◆ WHAT THE TASK REQUIRES: The lines to output run from the first line of the entries below through the line containing "I passed a few"; copy them exactly and leave out pictures.

════

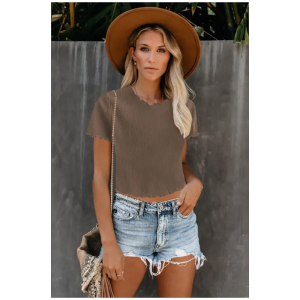 Khaki curled hem short sleeve ribbed knit crop top
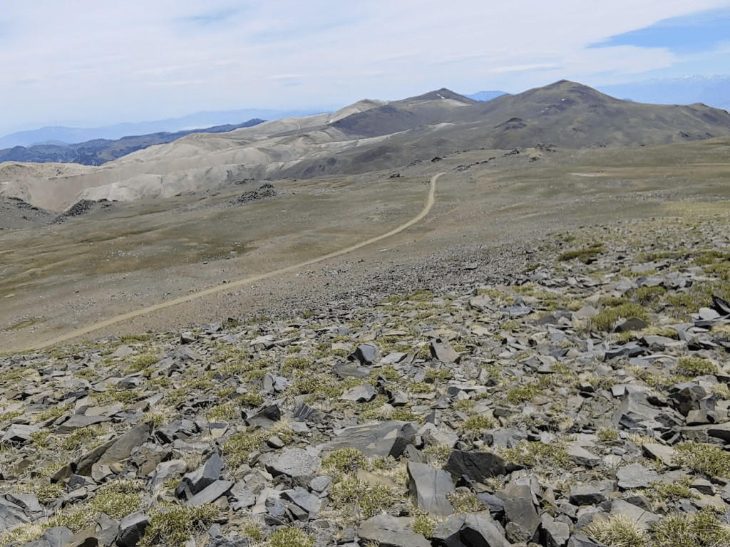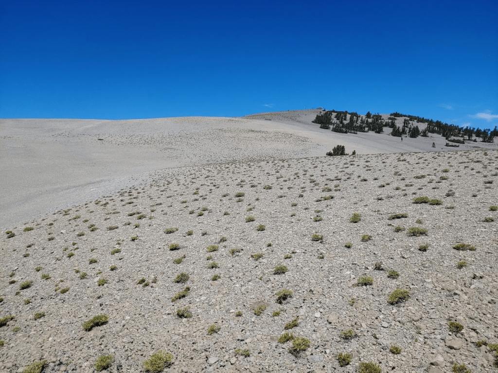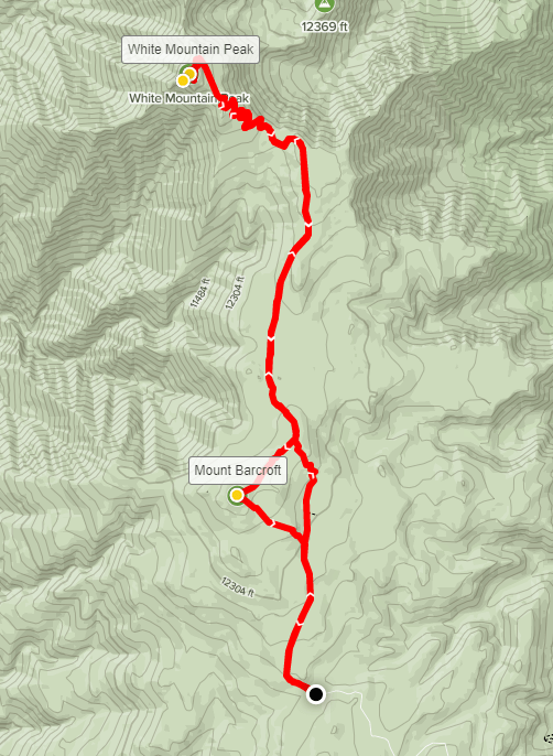 I passed a few more groups of hikers on their way up over the next couple miles. They were mostly pairs or solo hikers. At 12.92 miles I left the road to make my final detour of the day. About ¾ of a mile directly west of the Barcroft Facility is a 13, 040 foot peak called Mount Barcroft. It’s not an especially prominent peak but it is included in Zdon’s book, so I decided to climb it quickly on my way back.
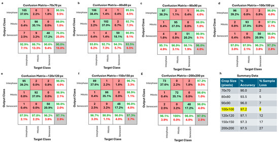 Optimization of cell cropping size. (a–g) Representative confusion matrices of crop sizes varying from 70 × 70 pixels to 200 × 200 pixels. (h) Summary table showing % accuracy and % sample loss for the different crop sizes. Highlighted row is the crop size used for D-MAINS.
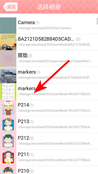 2、在选择相册页面中,选择需要编辑的图片所在的相册,进入选择范围页面。
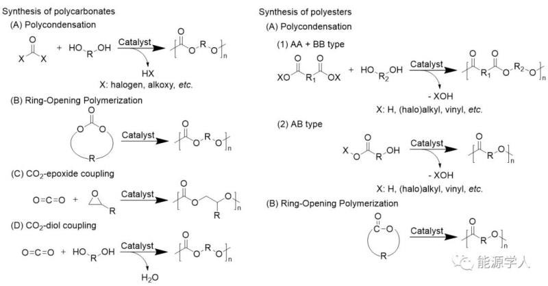 脂肪族聚碳酸酯的合成主要有四種策略:縮聚、開環(huán)聚合、CO2-環(huán)氧偶聯(lián)聚合與CO2-二醇偶聯(lián)聚合(如圖5所示)。其中最吸引人注意的是采用CO2作為原料進行的偶聯(lián)聚合,該聚合是一種環(huán)境友好型聚合反應(yīng),其原料為溫室氣體CO2,對于環(huán)境保護具有非常重要的意義,但該類反應(yīng)仍需進一步優(yōu)化,研究開發(fā)高效的催化劑以提高反應(yīng)效率并降低副反應(yīng)。而脂肪族聚酯的合成通常有兩種辦法:縮聚和開環(huán)聚合。其中縮聚主要包括AA+BB型的雙單體聚合體系與AB型單一單體聚合體系。由于聚碳酸酯與聚酯的化學(xué)結(jié)構(gòu)在一定程度上相似,因此它們的很多催化劑可以通用。特別地,對于脂肪族聚碳酸酯和聚酯,某些特定種類的酶對于其合成和降解具有顯著的催化效果,因而可能實現(xiàn)固態(tài)電池中SPE材料的綠色合成和電池材料的綠色循環(huán)利用。

════

◆ RESULT FOR THIS TASK:
 Khaki curled hem short sleeve ribbed knit crop top
 I passed a few more groups of hikers on their way up over the next couple miles. They were mostly pairs or solo hikers. At 12.92 miles I left the road to make my final detour of the day. About ¾ of a mile directly west of the Barcroft Facility is a 13, 040 foot peak called Mount Barcroft. It’s not an especially prominent peak but it is included in Zdon’s book, so I decided to climb it quickly on my way back.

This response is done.